> WHAT TO WORK ON
In the copy, include all of the listing exactly and none of its pictures.

> DATA
□ □ □ □

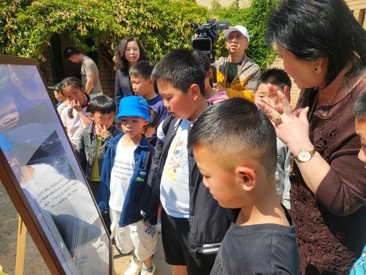 中文学校师生在照片展现场 。非洲华文教育基金会中文学校供图
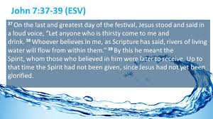 John 7:37-39 (ESV) 37 On the last and greatest day of the festival, Jesus  stood and said in a loud voice, “Let anyone who is thirsty come to me and  drink.”
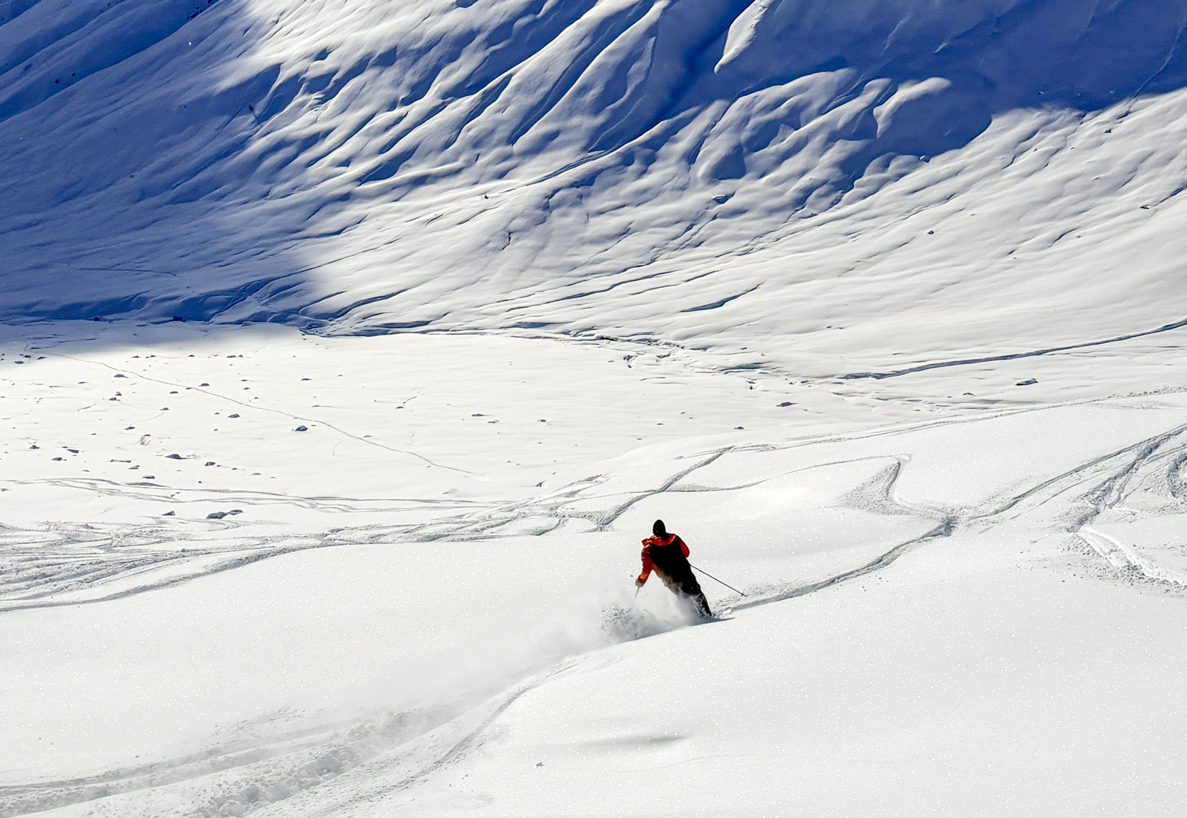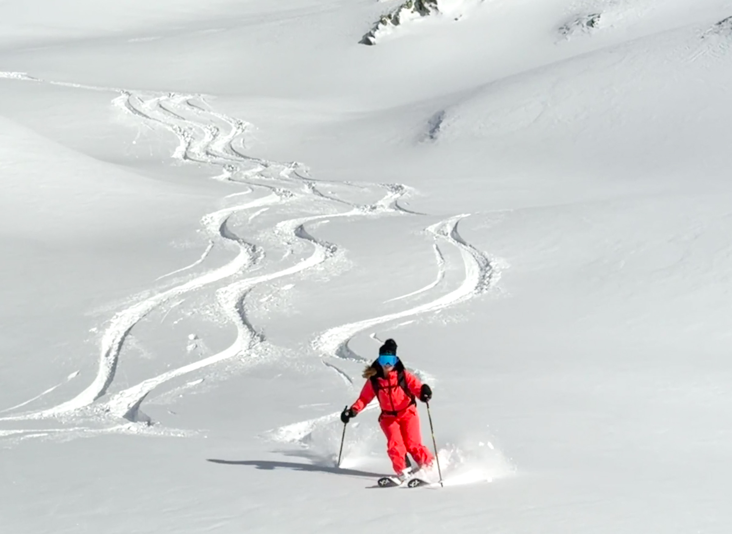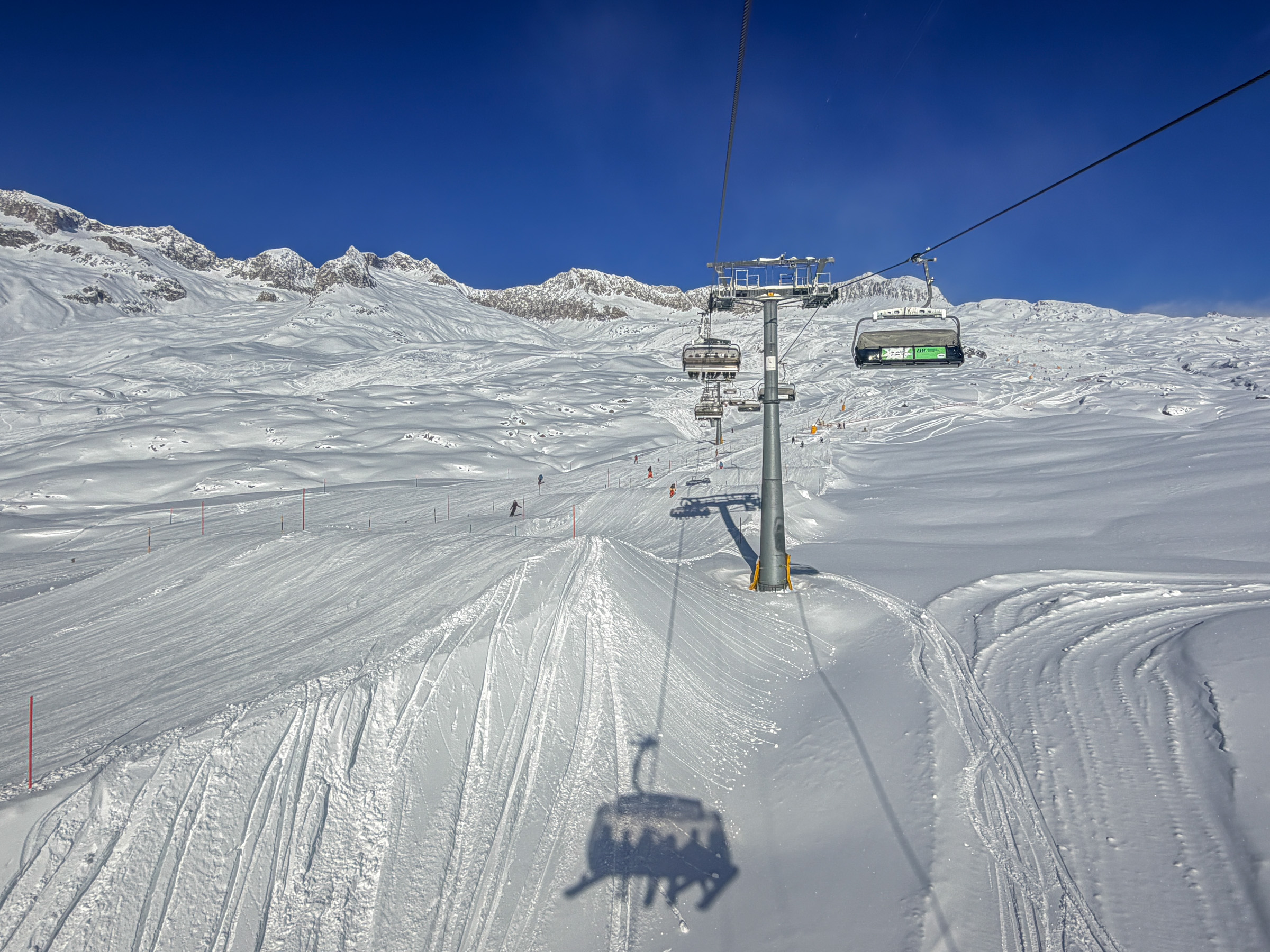 An Aerial Tramway and a Gondola access the Blatten/Belalp Ski area from the base village. Belalp sits at 2094-meters, it takes 2 chairlifts and a T-Bar to reach the Hohstock summit (3118-meters) 10, 230′. Most of Belalp’s upper mountain skiing is from the Sparrhorn bubble-covered six-pack lift, which accesses a few great trails, mostly low angle – and a huge playground of freeride terrain. My favorite prepared piste is Aletsch, #10 – its a ten and named for the famous local Aletsch glacier (smaller every year but still the largest in the Alps), this trail is scenic and feels so far from the rest of the resort.
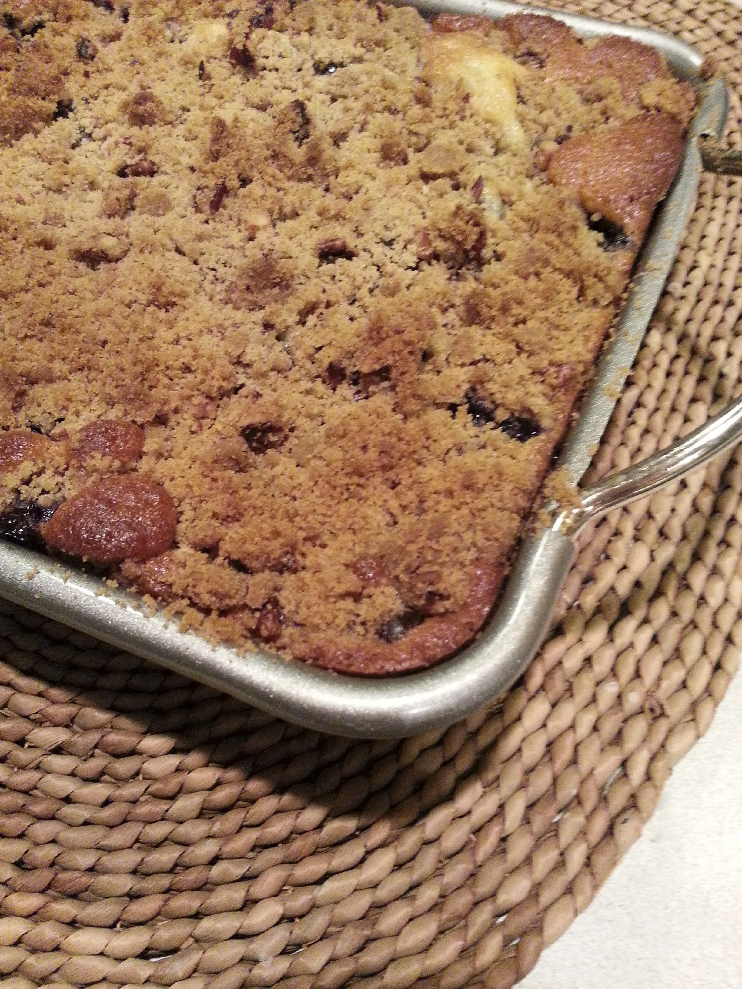 Brown sugar.  It’s cooler than plain white sugar.  Especially when it’s a topping for a cake.  When I see a baked concoction come out of the oven and there is a crumble of brown sugar on the top, it calls to me.  So when I saw this recipe, and the picture of this thick slice of spongy cake with a heavy dose of brown sugar topping, I had to make it.  Plus, who doesn’t love a good coffee cake?  Now my kids have discovered the marvels of brown sugar and its yumminess, so I decided to make this cake for them (and me!).  When they found out I was going to make it, they doubted my abilities, which is completely understandable.  They vividly remember, and continually point out to me and anyone within earshot, that my last dance with blueberries was my sad attempt at making simple blueberry muffins.  I took them out of the oven and then this wave of disappointment came over me.  They came out like green swirly blobs.   My kids just laughed and grabbed a Nutrigrain bar and went and watched iCarly.  Nothing new to them – it’s always an adventure when mommy bakes.  I guess I wasn’t supposed to dump the blueberries in and continually stir to combine.  Lesson learned.  But that didn’t happen this time.  My cake came out perfectly – minus the chunk of brown sugar I picked off the corner.

□ □ □ □

> ANSWER SECTION
 中文学校师生在照片展现场 。非洲华文教育基金会中文学校供图
 John 7:37-39 (ESV) 37 On the last and greatest day of the festival, Jesus  stood and said in a loud voice, “Let anyone who is thirsty come to me and  drink.”
 An Aerial Tramway and a Gondola access the Blatten/Belalp Ski area from the base village. Belalp sits at 2094-meters, it takes 2 chairlifts and a T-Bar to reach the Hohstock summit (3118-meters) 10, 230′. Most of Belalp’s upper mountain skiing is from the Sparrhorn bubble-covered six-pack lift, which accesses a few great trails, mostly low angle – and a huge playground of freeride terrain. My favorite prepared piste is Aletsch, #10 – its a ten and named for the famous local Aletsch glacier (smaller every year but still the largest in the Alps), this trail is scenic and feels so far from the rest of the resort.
 Brown sugar.  It’s cooler than plain white sugar.  Especially when it’s a topping for a cake.  When I see a baked concoction come out of the oven and there is a crumble of brown sugar on the top, it calls to me.  So when I saw this recipe, and the picture of this thick slice of spongy cake with a heavy dose of brown sugar topping, I had to make it.  Plus, who doesn’t love a good coffee cake?  Now my kids have discovered the marvels of brown sugar and its yumminess, so I decided to make this cake for them (and me!).  When they found out I was going to make it, they doubted my abilities, which is completely understandable.  They vividly remember, and continually point out to me and anyone within earshot, that my last dance with blueberries was my sad attempt at making simple blueberry muffins.  I took them out of the oven and then this wave of disappointment came over me.  They came out like green swirly blobs.   My kids just laughed and grabbed a Nutrigrain bar and went and watched iCarly.  Nothing new to them – it’s always an adventure when mommy bakes.  I guess I wasn’t supposed to dump the blueberries in and continually stir to combine.  Lesson learned.  But that didn’t happen this time.  My cake came out perfectly – minus the chunk of brown sugar I picked off the corner.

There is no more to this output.